What you should do
Your answer must be an exact copy of the entries below, with every picture removed.

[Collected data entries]
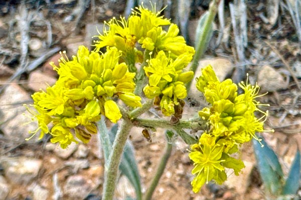 Not much of note was seen on the blooms, but I did find the fascinatingly-inflated Cysteodemus wislizeni (black bladder-bodied blister beetle) crawling on the ground amongst them.
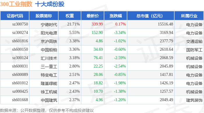 300工业(000910)指数十大成份股详情如下:
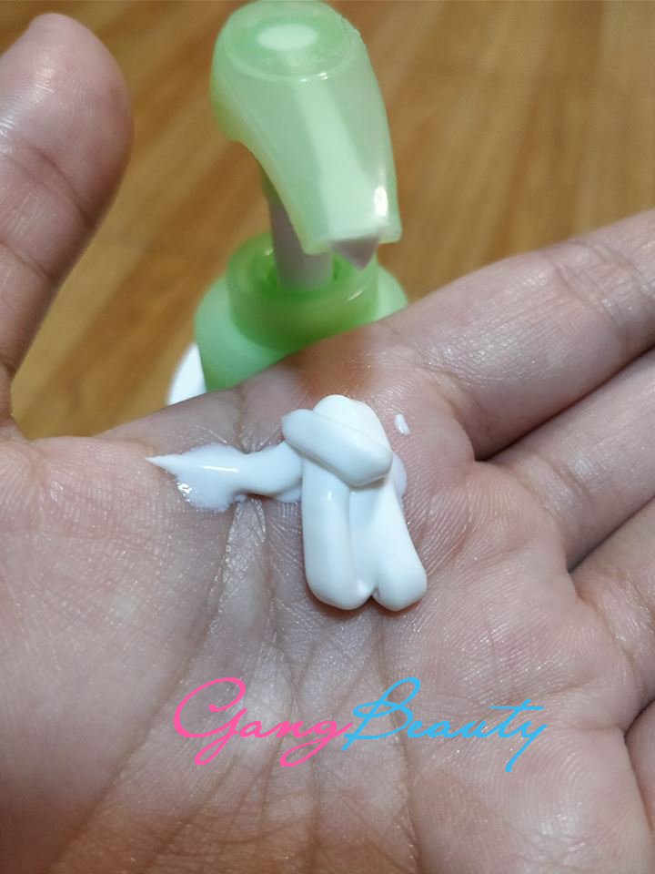 ขวดใหญ่เป็นหัวปั๊ม ใช้ง่าย ปั๊มออกมาจะเป็นเนื้อแบบนี้ เนื้อจะหนักกว่าโลชั่นทั่วไปนิดนึง แต่ทาแล้วซึมไวอยู่
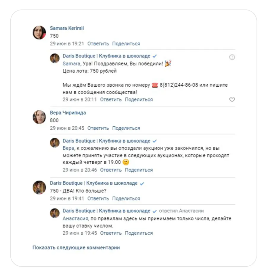 Для повышения активности в группе и роста продаж запустили аукционы. Заметили, что аукцион стоит запускать регулярно: в один и тот же день недели и время. Тогда люди привыкают к событию и ждут проведения аукциона.
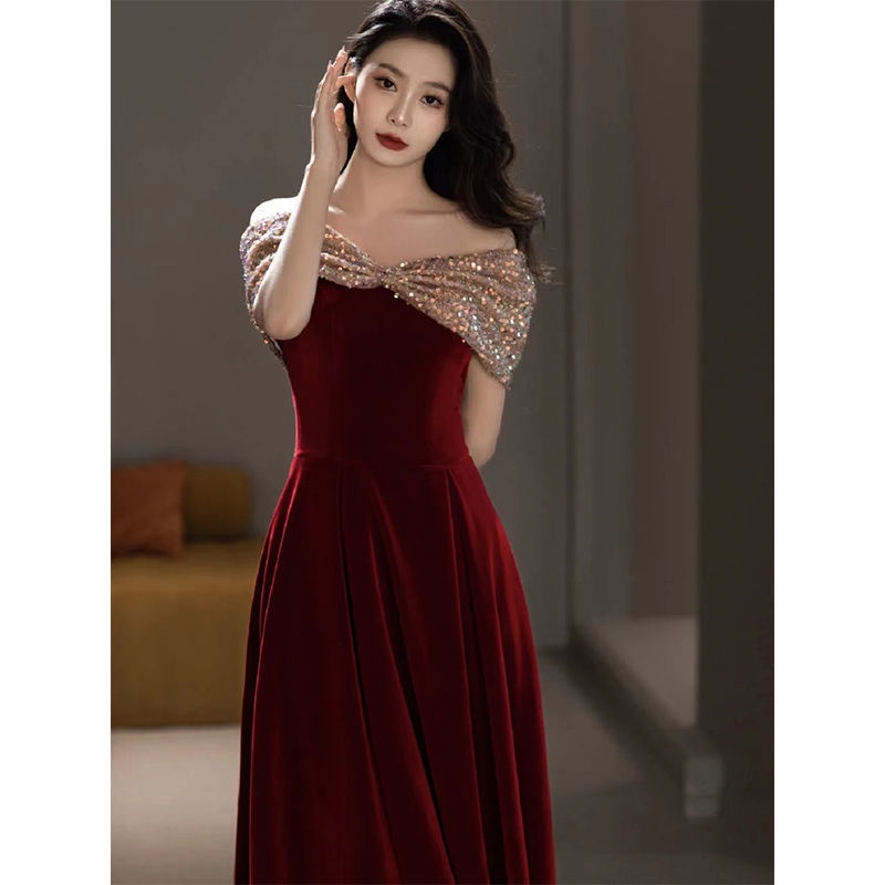Wine Red Cocktail Dress Bride's New Wedding Evening Dress Female Long Maxi Dress
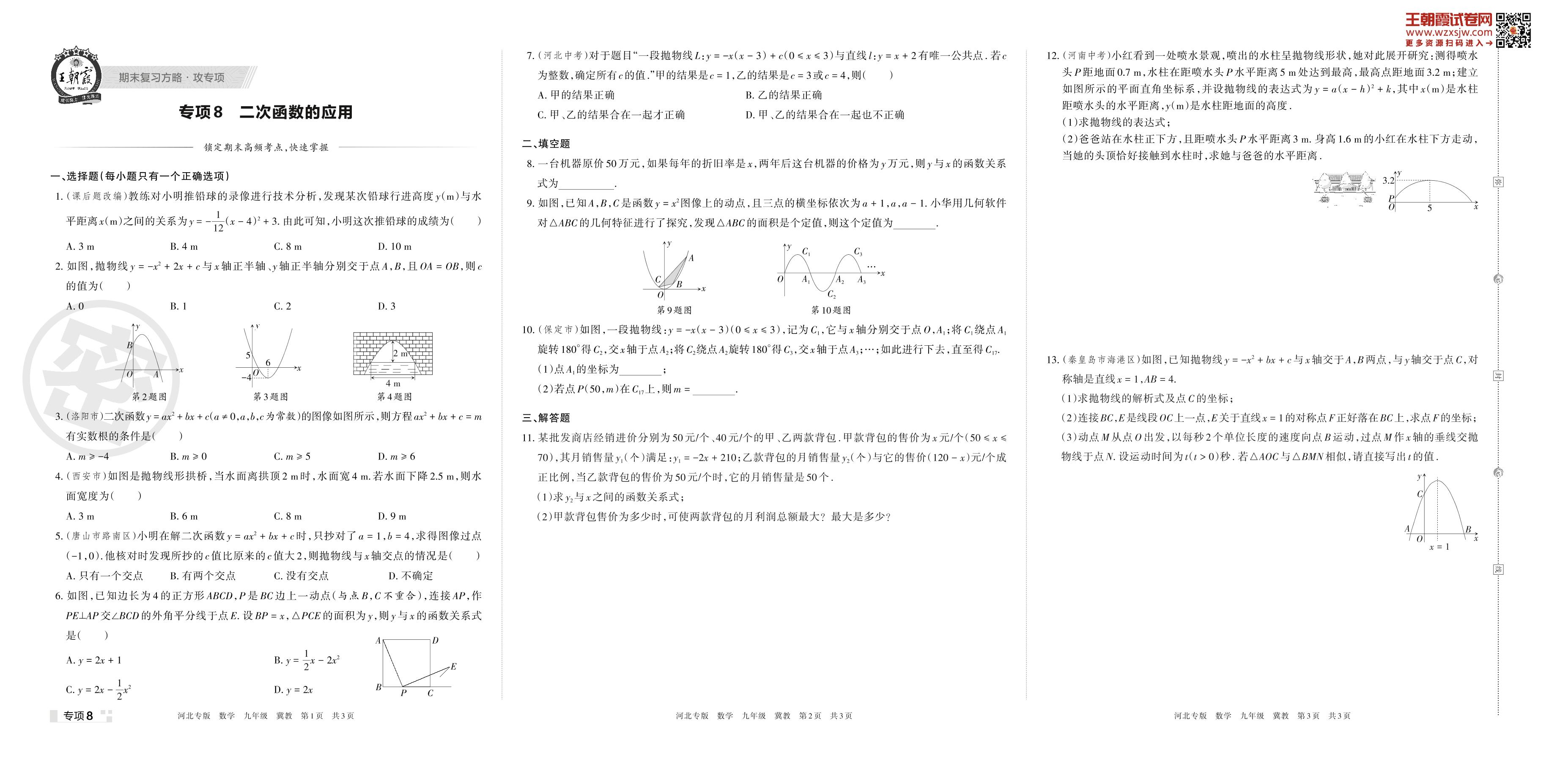 2022-2023学年第一学期王朝霞期末专项卷——二次函数的应用九年级全一册数学(冀教版)【8】

Output of the task
 Not much of note was seen on the blooms, but I did find the fascinatingly-inflated Cysteodemus wislizeni (black bladder-bodied blister beetle) crawling on the ground amongst them.
 300工业(000910)指数十大成份股详情如下:
 ขวดใหญ่เป็นหัวปั๊ม ใช้ง่าย ปั๊มออกมาจะเป็นเนื้อแบบนี้ เนื้อจะหนักกว่าโลชั่นทั่วไปนิดนึง แต่ทาแล้วซึมไวอยู่
 Для повышения активности в группе и роста продаж запустили аукционы. Заметили, что аукцион стоит запускать регулярно: в один и тот же день недели и время. Тогда люди привыкают к событию и ждут проведения аукциона.
Wine Red Cocktail Dress Bride's New Wedding Evening Dress Female Long Maxi Dress
 2022-2023学年第一学期王朝霞期末专项卷——二次函数的应用九年级全一册数学(冀教版)【8】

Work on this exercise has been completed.